Because a gene is not any good unless it has a promoter. Well, guess what, a promoter was formed by the juxtaposition of these AnnX and Cdic sequences, along with a fortuitous regulatory element that is testis specific. So, by the duplication and deletion of 2 genes, a promoter and its regulatory sequences were created that resulted in specific expression of this protein in testis. Wow, pretty jury-rigged but the DNA sequence similarities do not lie.
However, what is important about this gene is what is says about the formation of new genes. Because the promoter and control elements did not "evolve". They were already present in some form, just not in a position to be used. The plasticity of the genome allowed them to be juxtaposed to create a new gene that must be incredibly useful. Because the Sdic gene has been repeated almost 10 times.It is very highly expressed. And it spread throughout the Drosophila population very rapidly, in a mechanism called a selective sweep. Essentially, all the flies that lacked this gene were selected against.

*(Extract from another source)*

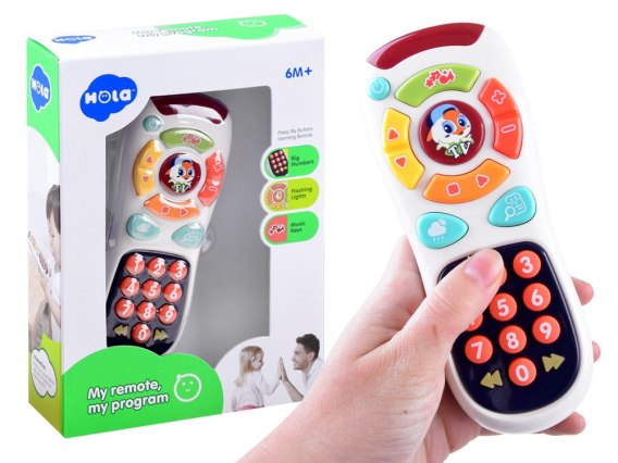 Pilot TV jest wyposażony w mnóstwo kolorowych, ciekawych przycisków, co zachęci każdego maluszka do zabawy.

This gene is only found in Drosophila melanogaster, no other closely aligned species. And it is found in every D. melanogaster species studied. But the degree of polymorphism in the gene is very small, indicating a recent origin. For a gene to have spread throughout a population as rapidly as Sdic did, it must exert tremendous positive selective pressure. The fact that it is specific to the testis invites the proposal that it might have been involved in speciation, affecting fertility in the populations bearing it.
So, we have 3' regions that bind proteins that are responsible for the expression of the coding region. We have genomic regions slamming into one another and creating fortuitous promoters and regulatory elements. One of the major consequences of the sequencing projects seems to be the demonstration of just how chaotic the genome is. How important serendipity is. For anyone who thinks that sequencing the genome will be the pinnacle of biological research...Well, check out the title of this column.